(Recorded data)

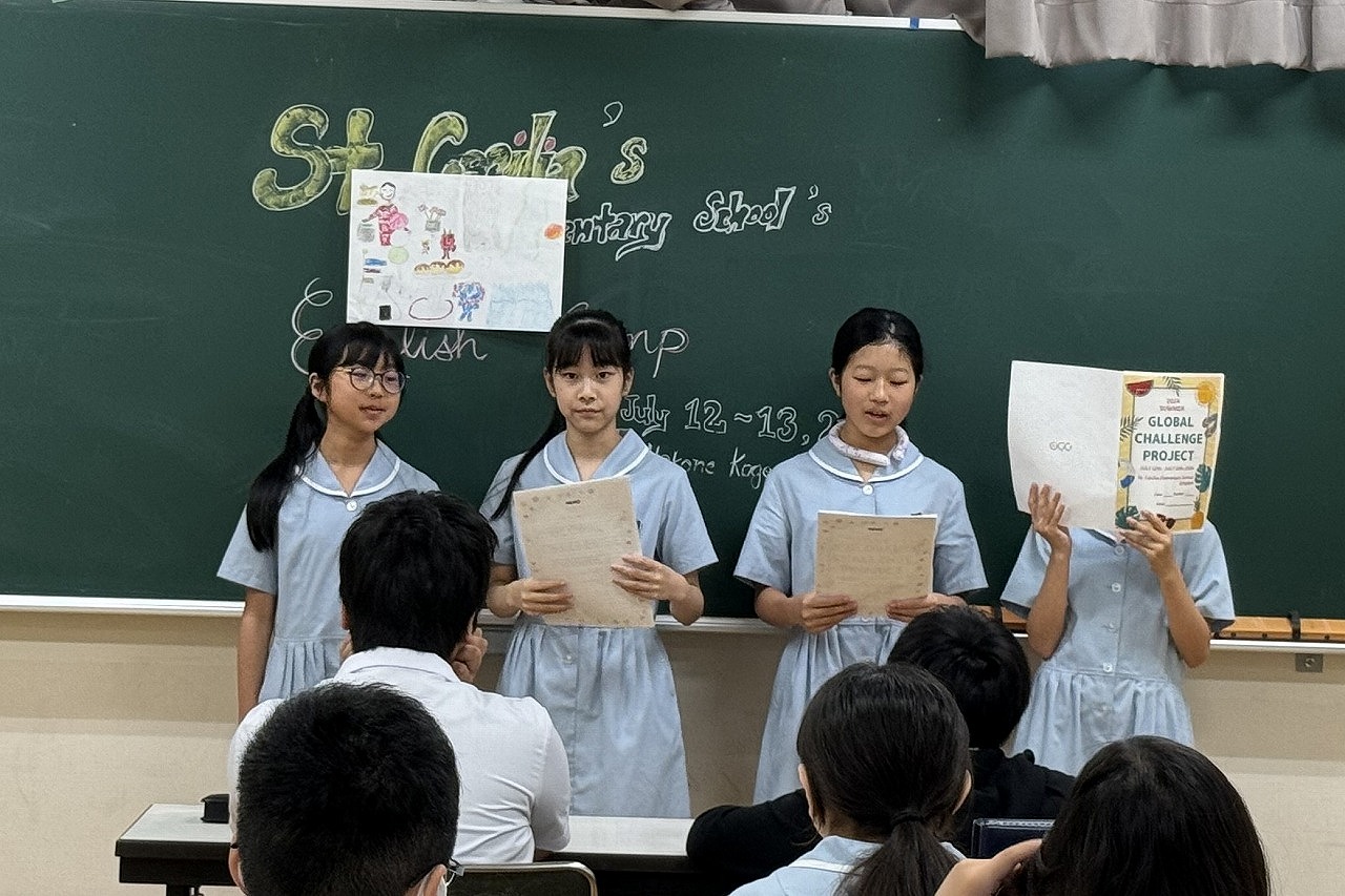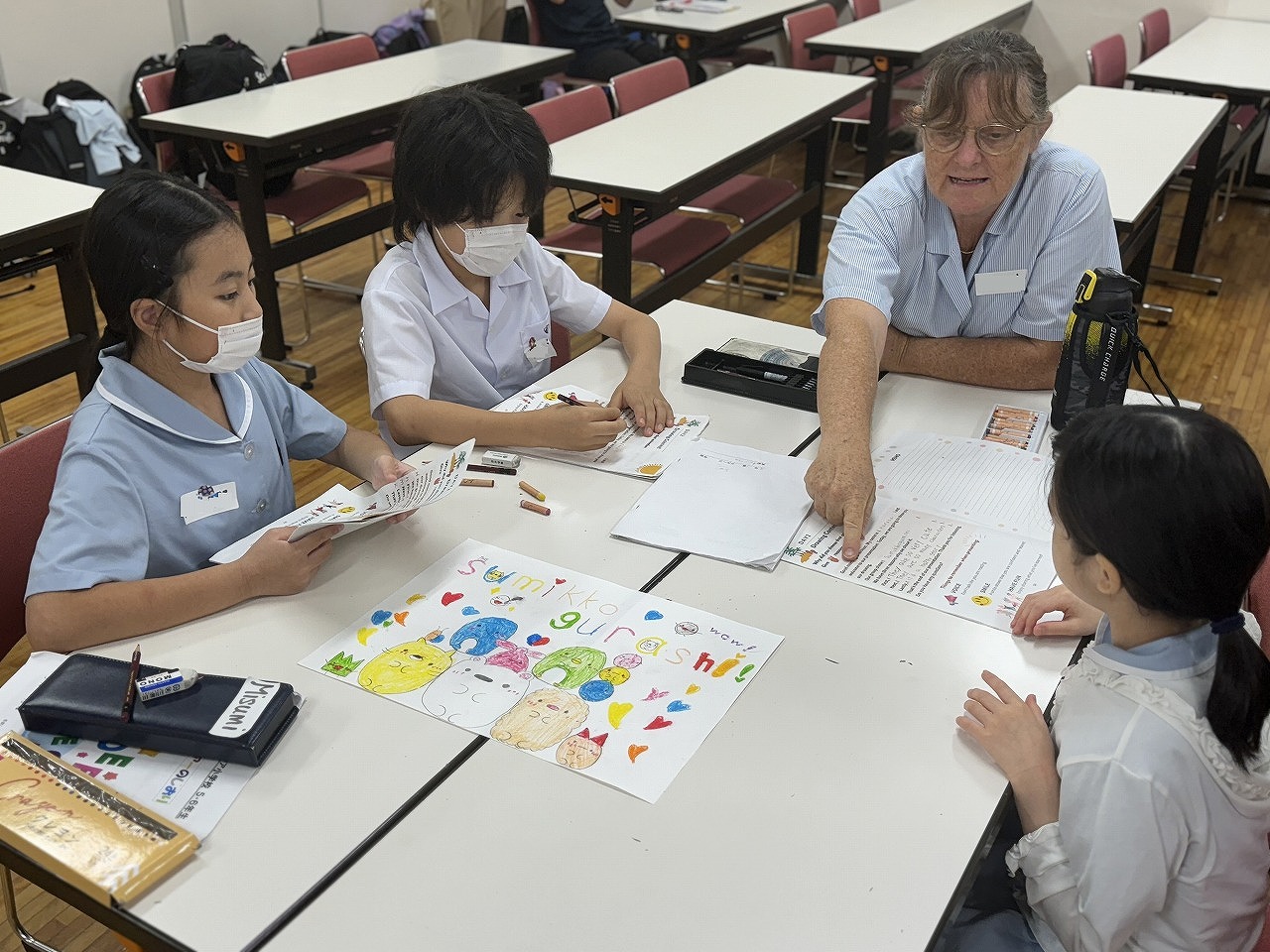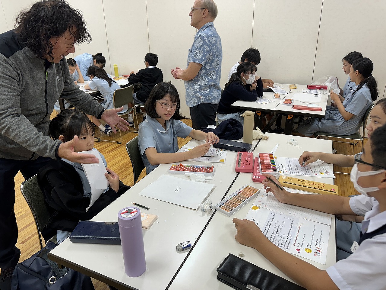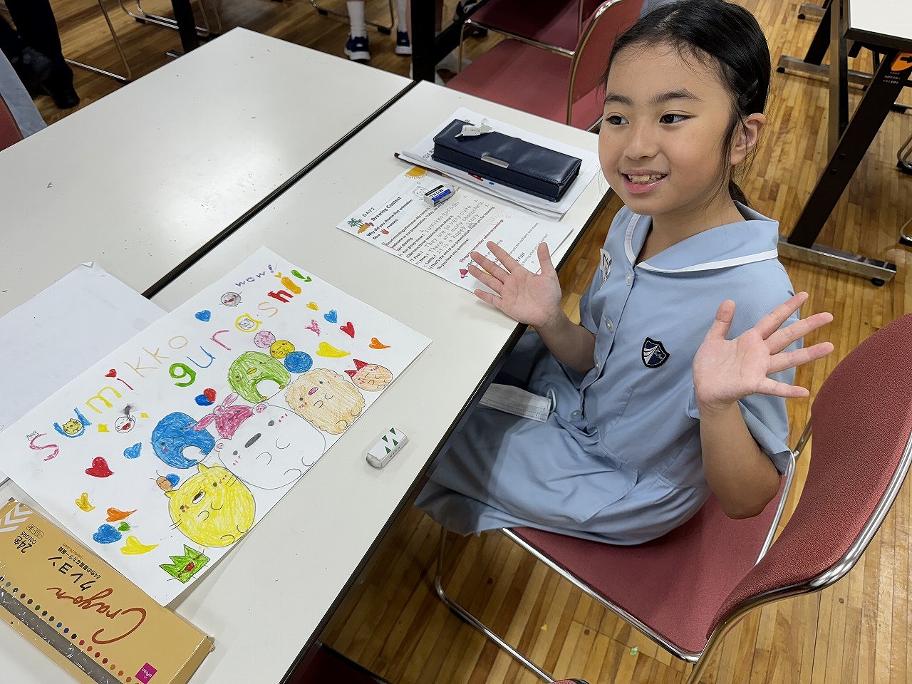 今日も、オールイングリッシュの環境で、様々な英語活動を行っています。先生方ともすっかりうちとけて、アートコンテストをしたり、プレゼンテーションをしたりしました。修了式の頃には、名残惜しそうな子も・・・。心を込めて作ったThank You Cardを渡して、感謝の気持ちを伝えました。
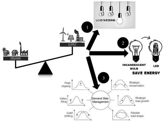 In the event of a grid failure, DGs can fulfill the distribution network’s energy needs. The deployed capacitors can aid DGs in fulfilling the reactive power demand of load. Since the installed power-generating capacity of the DGs and capacitors is typically less than the load demand, the electricity injected into the autonomous distribution network is less than the energy needs. In this instance, the electric utility can address the supply–demand disparity by lowering the electricity consumption, shedding the load, or executing a demand-side management (DSM) scheme.
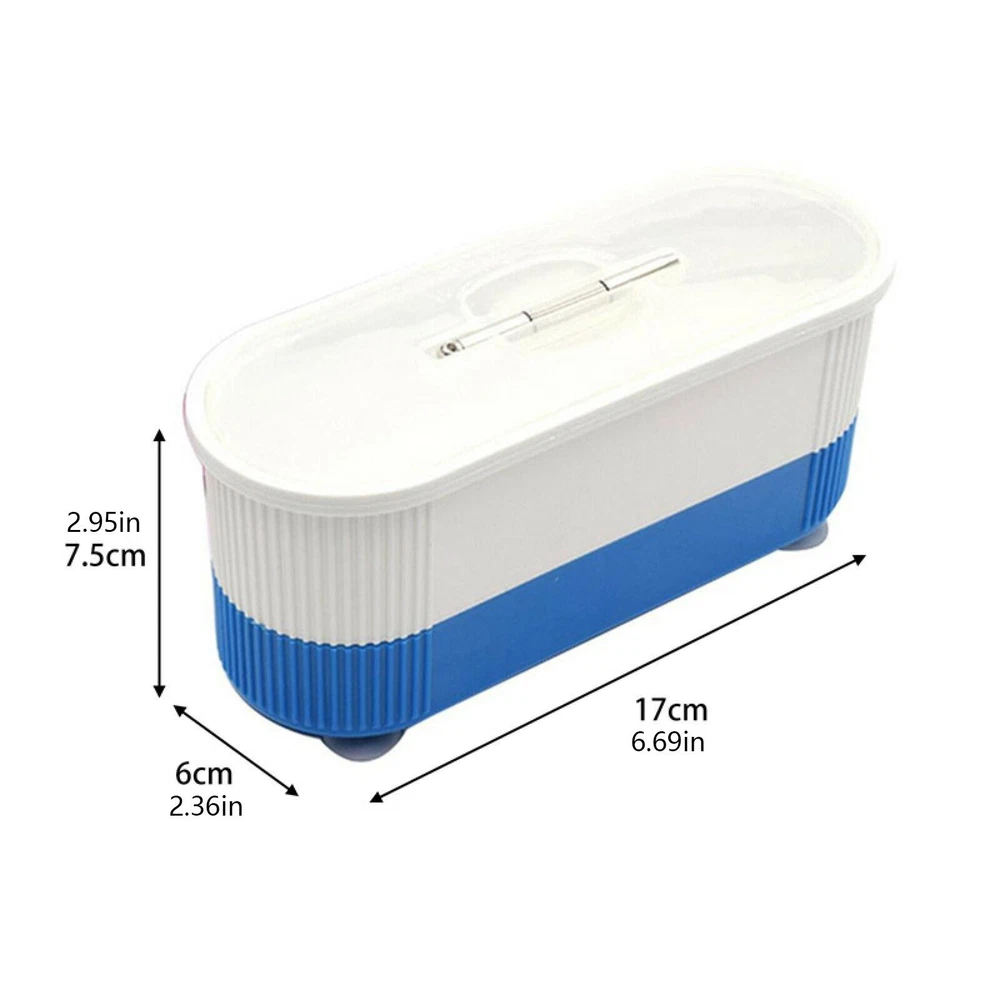Product Description Ultrasonic Jewelry Cleaner Denture Eye Glasses Coin Silver Cleaning Machine Box' Description: The ultrasonic cleaner with ultrasonic wave energy for gentle clean that won't damage your valuables, washing your valuable in a effective cleaning tool. The ultrasonic cleaner can clean jewellery, eyeglasses, watch, rings, coins, dentures, and other small items with water, with common detergent will be better. With 40KHZ ultrasonic frequency and high-power ultrasonic transducer for superior cleaning effect. The ultrasonic cleaner will give you special experience to clean your valuable things. Specifications: Condition: Brand New Material: Plastic Size: 164 x 75mm Color: As picture Cleaning Principle: Ultrasonic Ultrasonic Frequency: 40 kHz Power by: 2 x AAA Batteries( not included) Package Included: 1 x Ultrasonic Cleaner Shipping Returns Contact Us Payment 1. Items sent from US warehouse. 2.Receiving time = Processing time + Shipping time 3. Processing Time: Around 1-2 business Days 4. Shipping Time: 3-5 business day it may have a little delay during some holiday (such as Christmas),any problem ,please feel free to contact 1. 30 days warranty from the purchased date. Please contact us via email before returning the defective item. 2.Our warranty does not extended to any product that are physically damaged or that are not under normal operating conditions as result of misuse or improper installation on the buyer/user's part. 3.Return items should include the original packaging and all accessories. buyers MUST contact us for the returning address. 4.In all cases, buyers pay shipping fees at their own cost to return products for exchange or refund. We will be responsible for the postage of replacements. Refund will be made upon receipt of the returned item. Pls contact us if you have any problems,we will try our best to solve for you We accept all verified payment from eBay. Shipping 1. Items sent from US warehouse. 2.Receiving time = Processing time + Shipping time 3. Processing Time: Around 1-2 business Days 4. Shipping Time: 3-5 business day it may have a little delay during some holiday (such as Christmas),any problem ,please feel free to contact Returns 1. 30 days warranty from the purchased date. Please contact us via email before returning the defective item. 2.Our warranty does not extended to any product that are physically damaged or that are not under normal operating conditions as result of misuse or improper installation on the buyer/user's part. 3.Return items should include the original packaging and all accessories. buyers MUST contact us for the returning address. 4.In all cases, buyers pay shipping fees at their own cost to return products for exchange or refund. We will be responsible for the postage of replacements. Refund will be made upon receipt of the returned item. Contact Us Pls contact us if you have any problems,we will try our best to solve for you Payment We accept all verified payment from eBay. You may also like TV Remote Control Controller For Bose Solo 5 TV Soundbar System 535 AUX1 CM525 18.99 USD Watch Crystal Glass Sapphire Bubble Magnifier Calendar Lens Small Date Window 10.66 USD Storage Case Travel Carrying Bag For Bose SoundLink 3 SoundLink III Speaker 20.0 USD Repair LCD Screen Hinge Flex Cable For Canon PowerShot G7X Mark II G7 X II G7X2 12.75 USD 4Pcs/Set Tires & Wheels Rims For Tamiya TT01 TT02 XV01 HPS HPI 1/10 RC Car aa 22.77 USD N9 MINI GSM AUDIO LISTENING BUG 2x SENSITIVE MICROPHONE Two-Way Ear Bug Device 18.99 USD powered by
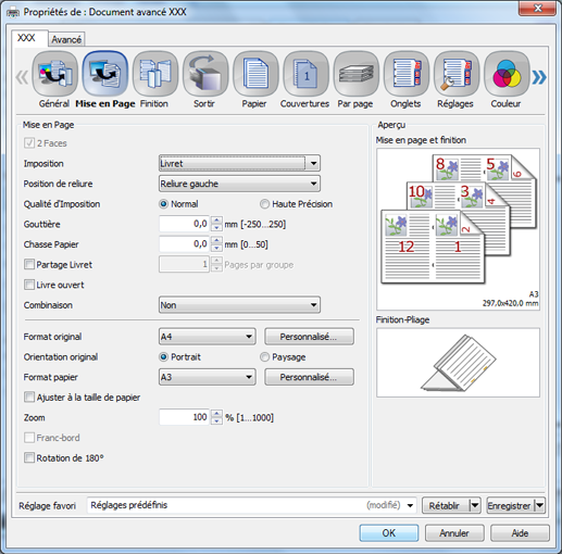 Cliquez sur l'onglet Finition, définissez Pliage et Détails de pliage en deux multi.

(End Recorded data)

Everything in the listing must be copied exactly except the pictures.

● Solution for this exercise:
 今日も、オールイングリッシュの環境で、様々な英語活動を行っています。先生方ともすっかりうちとけて、アートコンテストをしたり、プレゼンテーションをしたりしました。修了式の頃には、名残惜しそうな子も・・・。心を込めて作ったThank You Cardを渡して、感謝の気持ちを伝えました。
 In the event of a grid failure, DGs can fulfill the distribution network’s energy needs. The deployed capacitors can aid DGs in fulfilling the reactive power demand of load. Since the installed power-generating capacity of the DGs and capacitors is typically less than the load demand, the electricity injected into the autonomous distribution network is less than the energy needs. In this instance, the electric utility can address the supply–demand disparity by lowering the electricity consumption, shedding the load, or executing a demand-side management (DSM) scheme.
Product Description Ultrasonic Jewelry Cleaner Denture Eye Glasses Coin Silver Cleaning Machine Box' Description: The ultrasonic cleaner with ultrasonic wave energy for gentle clean that won't damage your valuables, washing your valuable in a effective cleaning tool. The ultrasonic cleaner can clean jewellery, eyeglasses, watch, rings, coins, dentures, and other small items with water, with common detergent will be better. With 40KHZ ultrasonic frequency and high-power ultrasonic transducer for superior cleaning effect. The ultrasonic cleaner will give you special experience to clean your valuable things. Specifications: Condition: Brand New Material: Plastic Size: 164 x 75mm Color: As picture Cleaning Principle: Ultrasonic Ultrasonic Frequency: 40 kHz Power by: 2 x AAA Batteries( not included) Package Included: 1 x Ultrasonic Cleaner Shipping Returns Contact Us Payment 1. Items sent from US warehouse. 2.Receiving time = Processing time + Shipping time 3. Processing Time: Around 1-2 business Days 4. Shipping Time: 3-5 business day it may have a little delay during some holiday (such as Christmas),any problem ,please feel free to contact 1. 30 days warranty from the purchased date. Please contact us via email before returning the defective item. 2.Our warranty does not extended to any product that are physically damaged or that are not under normal operating conditions as result of misuse or improper installation on the buyer/user's part. 3.Return items should include the original packaging and all accessories. buyers MUST contact us for the returning address. 4.In all cases, buyers pay shipping fees at their own cost to return products for exchange or refund. We will be responsible for the postage of replacements. Refund will be made upon receipt of the returned item. Pls contact us if you have any problems,we will try our best to solve for you We accept all verified payment from eBay. Shipping 1. Items sent from US warehouse. 2.Receiving time = Processing time + Shipping time 3. Processing Time: Around 1-2 business Days 4. Shipping Time: 3-5 business day it may have a little delay during some holiday (such as Christmas),any problem ,please feel free to contact Returns 1. 30 days warranty from the purchased date. Please contact us via email before returning the defective item. 2.Our warranty does not extended to any product that are physically damaged or that are not under normal operating conditions as result of misuse or improper installation on the buyer/user's part. 3.Return items should include the original packaging and all accessories. buyers MUST contact us for the returning address. 4.In all cases, buyers pay shipping fees at their own cost to return products for exchange or refund. We will be responsible for the postage of replacements. Refund will be made upon receipt of the returned item. Contact Us Pls contact us if you have any problems,we will try our best to solve for you Payment We accept all verified payment from eBay. You may also like TV Remote Control Controller For Bose Solo 5 TV Soundbar System 535 AUX1 CM525 18.99 USD Watch Crystal Glass Sapphire Bubble Magnifier Calendar Lens Small Date Window 10.66 USD Storage Case Travel Carrying Bag For Bose SoundLink 3 SoundLink III Speaker 20.0 USD Repair LCD Screen Hinge Flex Cable For Canon PowerShot G7X Mark II G7 X II G7X2 12.75 USD 4Pcs/Set Tires & Wheels Rims For Tamiya TT01 TT02 XV01 HPS HPI 1/10 RC Car aa 22.77 USD N9 MINI GSM AUDIO LISTENING BUG 2x SENSITIVE MICROPHONE Two-Way Ear Bug Device 18.99 USD powered by
 Cliquez sur l'onglet Finition, définissez Pliage et Détails de pliage en deux multi.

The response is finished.